◆ Exercise instructions ◆
When you return the data, keep every word exact and include none of the images.

===

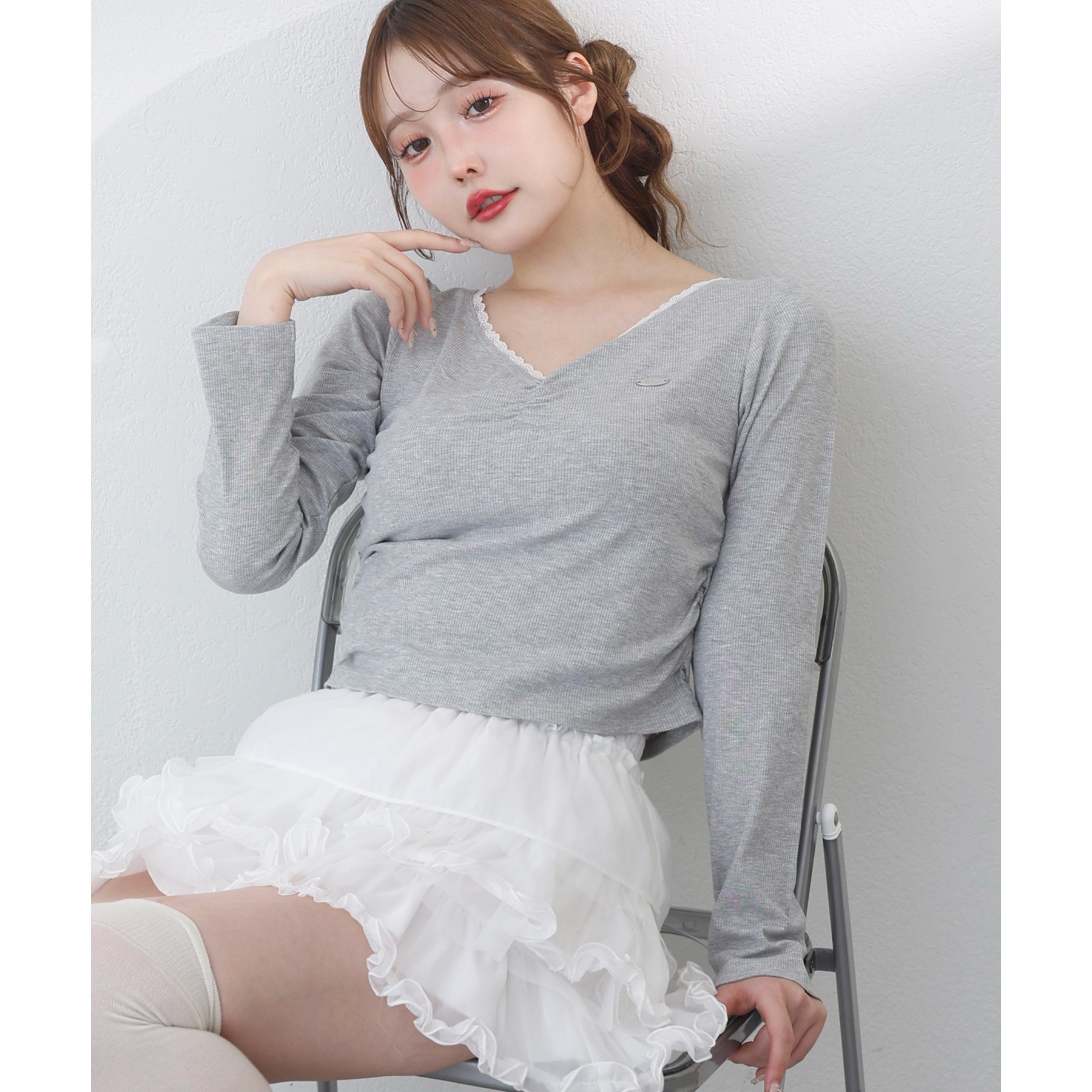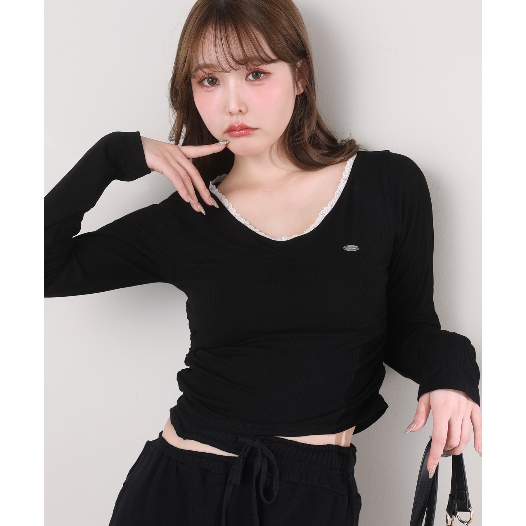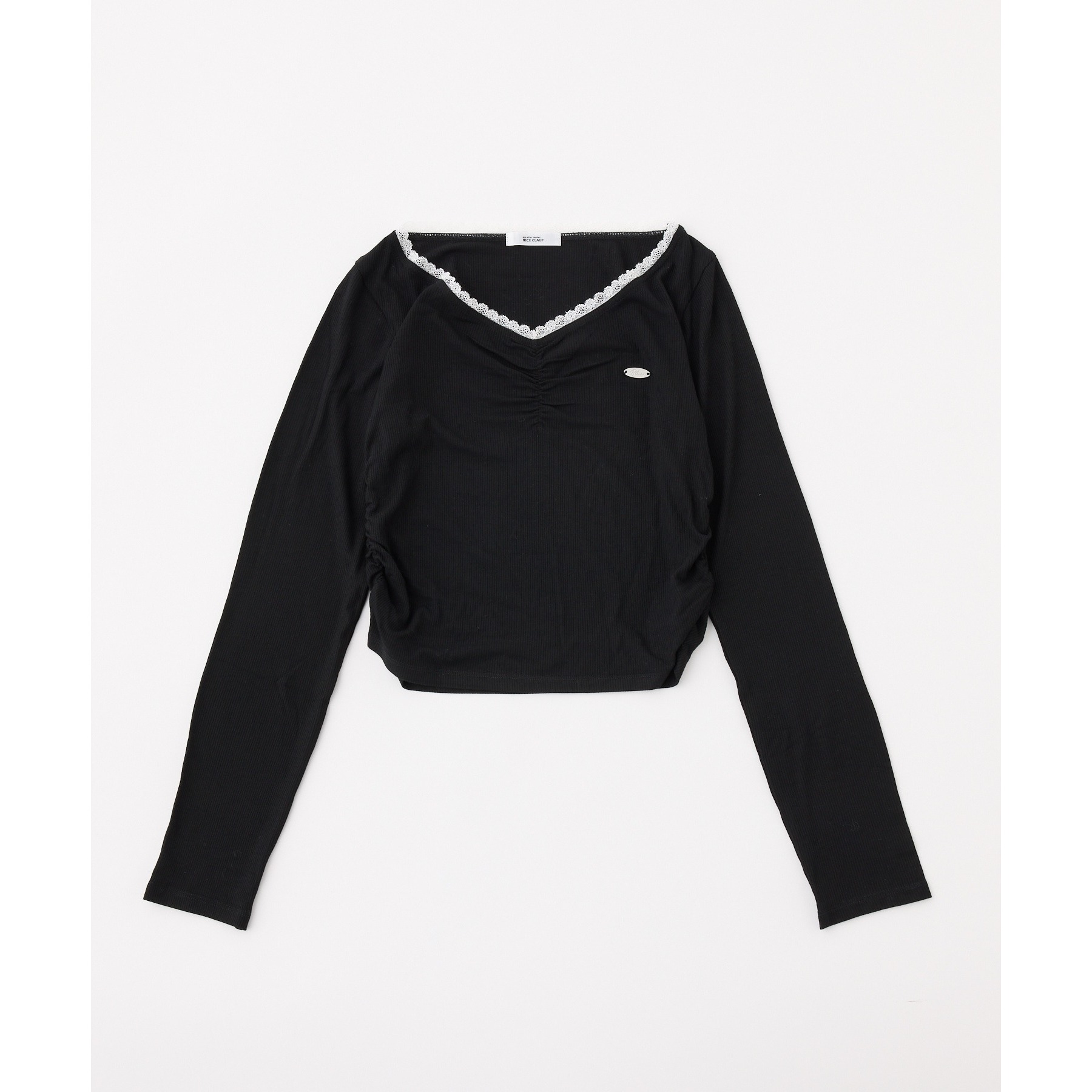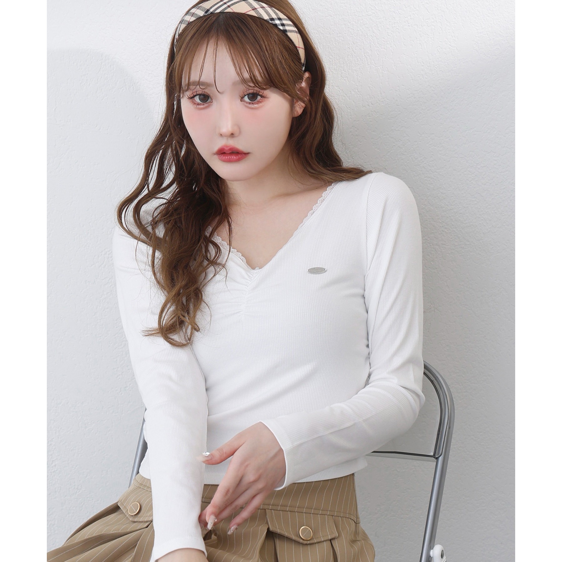 襟元にレースをあしらい、顔まわりを華やかに見せてくれる長袖カットソー。
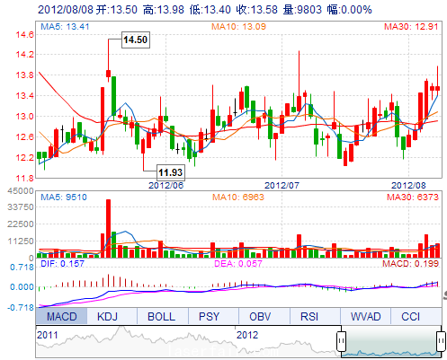 今 開: 13.50 成交量: 9803手 振 幅: 4.27% 最 高: 13.98 成交額: 1341.03萬 換手率: 2.94% 最 低: 13.40 總市值: 9.10億 市凈率: 2.92 昨 收: 13.58 流通市...
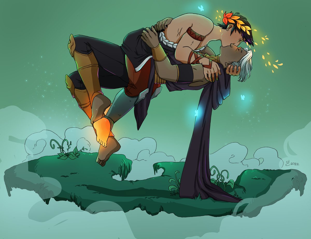 I like the idea that sometimes Than just gets very into a smooch and starts floating awaaaaay #HadesFanart #thanzag
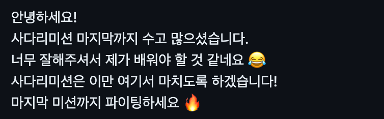 이제 마지막 미션만 남았다!!!🔥🔥🔥🔥
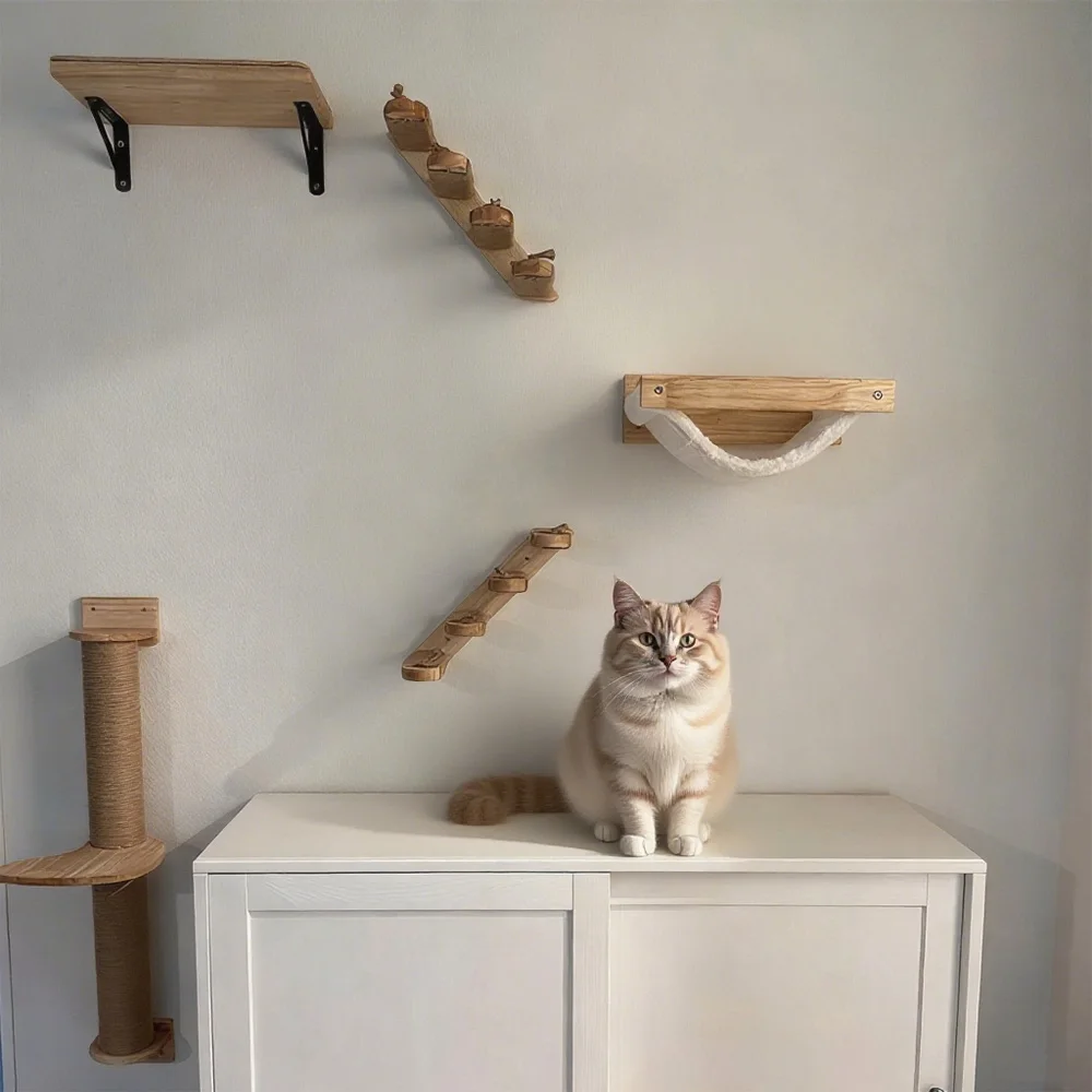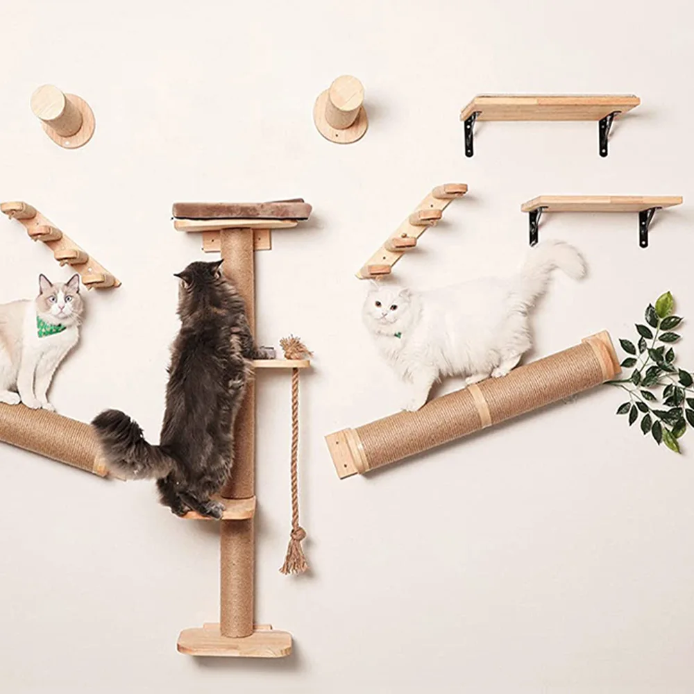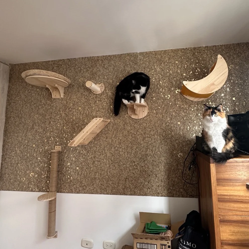 Los estantes de pared para gatos se adaptan al hábito de los gatos de escalar, aumentan el ejercicio y reduciendo la posibilidad de obesidad, lo que es bueno para la salud.Además, le da a los gatos espacio para escalar y evitar estropear la casa.
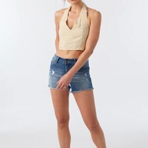 O'Neill Kennie Pale Yellow Retro Squiggly Line Print Crop Halter Top Large
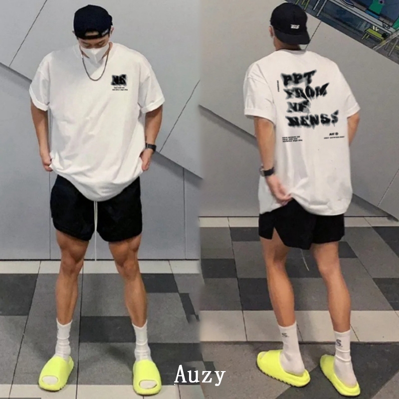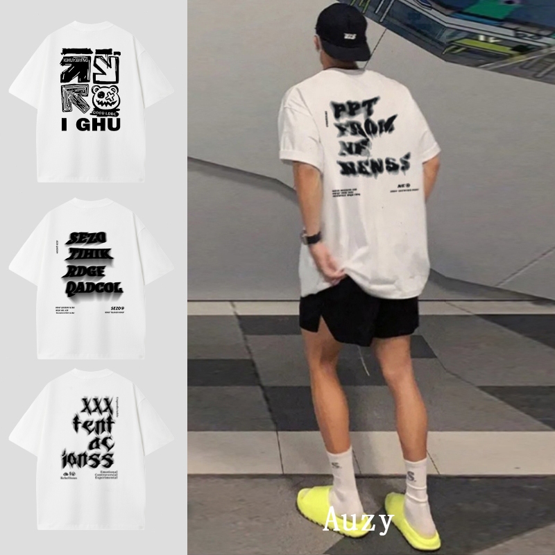Mode Korea T-shirt Atasan Baju Kaos Oversize Pria Putih Lengan Pendek Dewasa
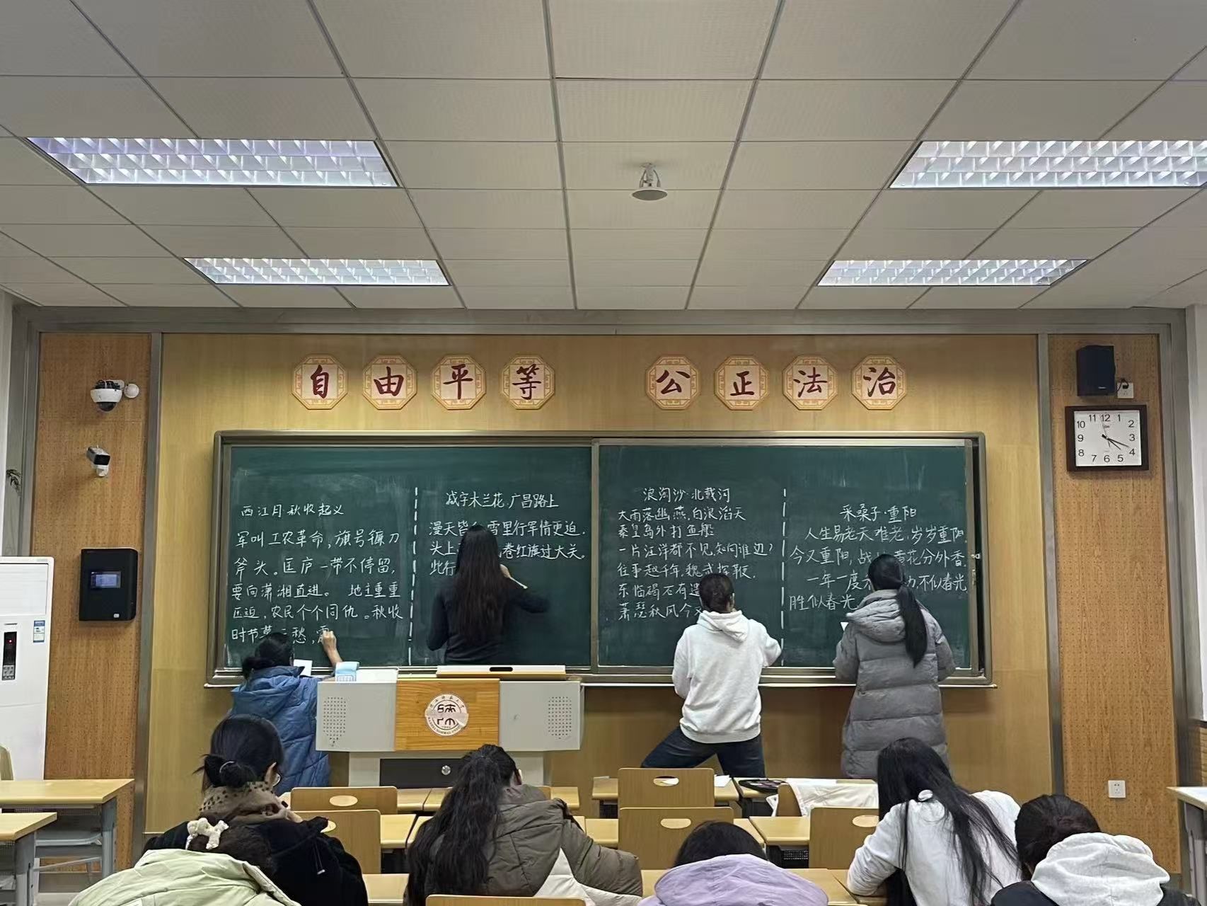 本次比赛的选题充分彰显思想政治引领和中华优秀传统文化底蕴,粉笔字、硬笔字、毛笔字的内容分别选取毛主席诗词、第三个历史决议和古代七言绝句等,使员工在比赛中再次学习理解党的先进理论和中华优秀传统文化。这些选题内容有效引导员工坚定理想信念、牢记初心使命,促进员工德智体美劳全面发展。

===

◆ The answer ◆
 襟元にレースをあしらい、顔まわりを華やかに見せてくれる長袖カットソー。
 今 開: 13.50 成交量: 9803手 振 幅: 4.27% 最 高: 13.98 成交額: 1341.03萬 換手率: 2.94% 最 低: 13.40 總市值: 9.10億 市凈率: 2.92 昨 收: 13.58 流通市...
 I like the idea that sometimes Than just gets very into a smooch and starts floating awaaaaay #HadesFanart #thanzag
 이제 마지막 미션만 남았다!!!🔥🔥🔥🔥
 Los estantes de pared para gatos se adaptan al hábito de los gatos de escalar, aumentan el ejercicio y reduciendo la posibilidad de obesidad, lo que es bueno para la salud.Además, le da a los gatos espacio para escalar y evitar estropear la casa.
 O'Neill Kennie Pale Yellow Retro Squiggly Line Print Crop Halter Top Large
Mode Korea T-shirt Atasan Baju Kaos Oversize Pria Putih Lengan Pendek Dewasa
 本次比赛的选题充分彰显思想政治引领和中华优秀传统文化底蕴,粉笔字、硬笔字、毛笔字的内容分别选取毛主席诗词、第三个历史决议和古代七言绝句等,使员工在比赛中再次学习理解党的先进理论和中华优秀传统文化。这些选题内容有效引导员工坚定理想信念、牢记初心使命,促进员工德智体美劳全面发展。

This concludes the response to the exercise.